• **What is required**
With the images left out, print every entry that follows exactly.

• **Material provided**
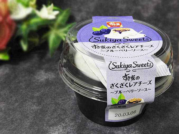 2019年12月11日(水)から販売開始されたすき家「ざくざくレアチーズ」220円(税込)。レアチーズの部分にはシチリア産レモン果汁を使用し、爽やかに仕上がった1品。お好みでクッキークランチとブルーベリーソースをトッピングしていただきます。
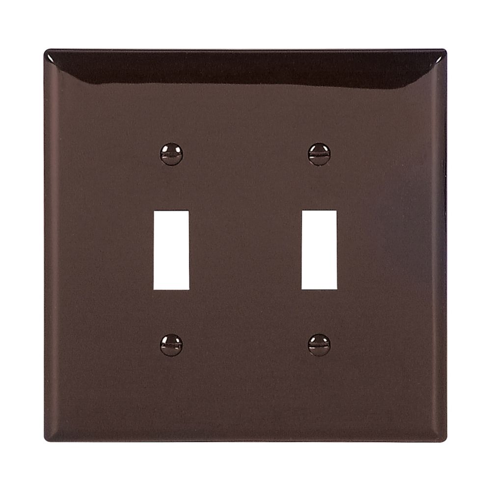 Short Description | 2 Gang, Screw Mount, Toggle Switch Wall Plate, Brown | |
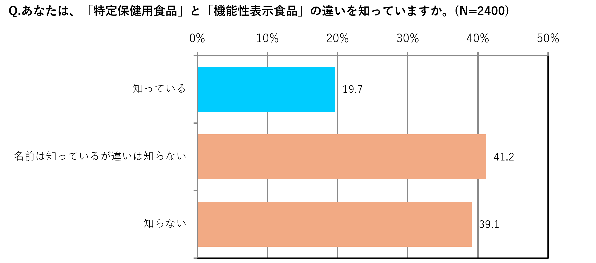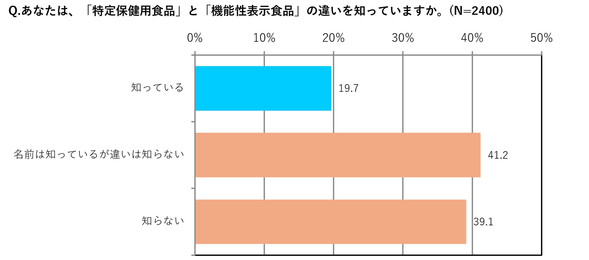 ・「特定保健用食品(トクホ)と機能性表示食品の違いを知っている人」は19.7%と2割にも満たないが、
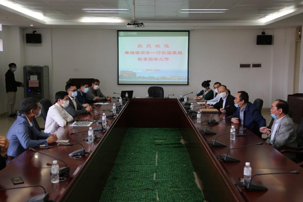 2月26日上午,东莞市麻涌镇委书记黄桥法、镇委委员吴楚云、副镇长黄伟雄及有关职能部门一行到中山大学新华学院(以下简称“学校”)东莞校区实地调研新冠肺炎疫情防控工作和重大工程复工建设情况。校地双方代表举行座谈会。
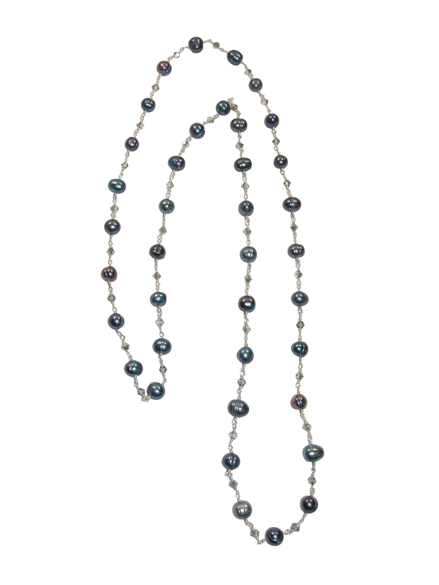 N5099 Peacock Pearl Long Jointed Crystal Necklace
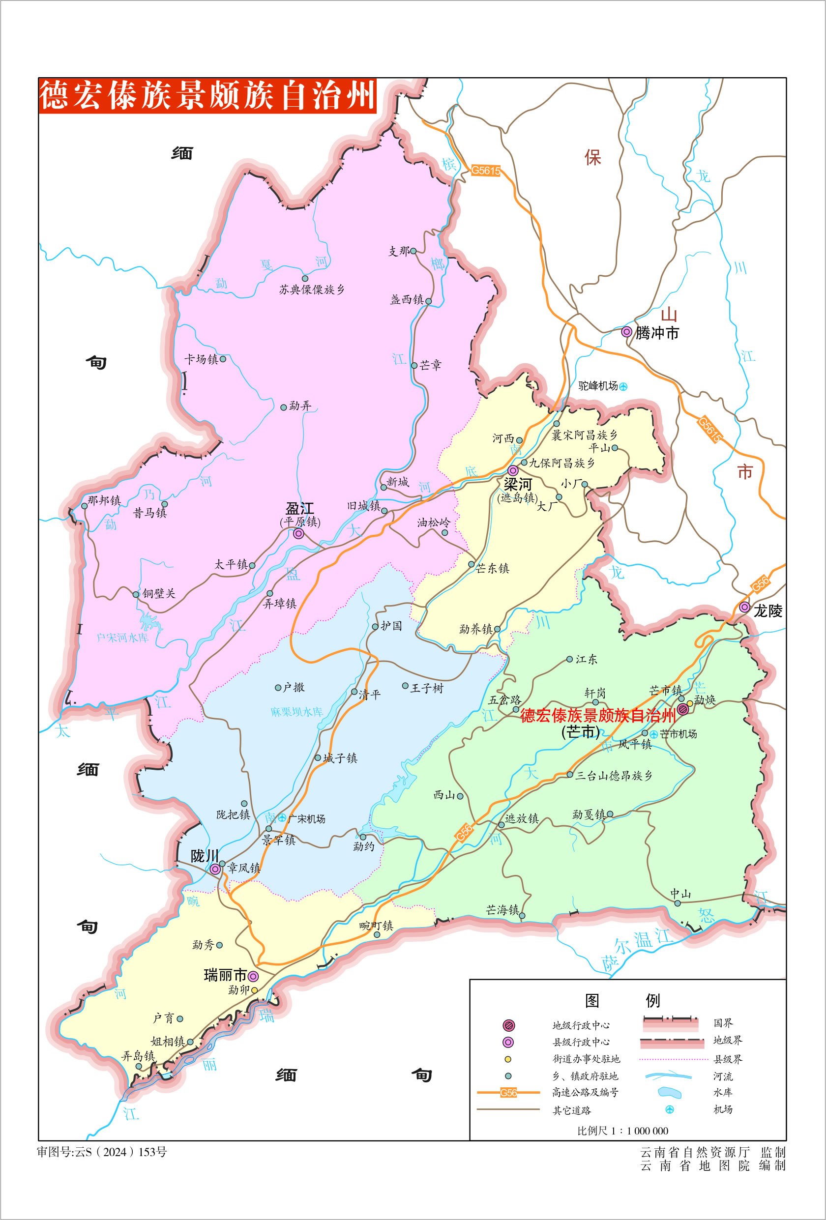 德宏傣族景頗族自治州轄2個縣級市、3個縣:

• **Task solution**
 2019年12月11日(水)から販売開始されたすき家「ざくざくレアチーズ」220円(税込)。レアチーズの部分にはシチリア産レモン果汁を使用し、爽やかに仕上がった1品。お好みでクッキークランチとブルーベリーソースをトッピングしていただきます。
 Short Description | 2 Gang, Screw Mount, Toggle Switch Wall Plate, Brown | |
 ・「特定保健用食品(トクホ)と機能性表示食品の違いを知っている人」は19.7%と2割にも満たないが、
 2月26日上午,东莞市麻涌镇委书记黄桥法、镇委委员吴楚云、副镇长黄伟雄及有关职能部门一行到中山大学新华学院(以下简称“学校”)东莞校区实地调研新冠肺炎疫情防控工作和重大工程复工建设情况。校地双方代表举行座谈会。
 N5099 Peacock Pearl Long Jointed Crystal Necklace
 德宏傣族景頗族自治州轄2個縣級市、3個縣:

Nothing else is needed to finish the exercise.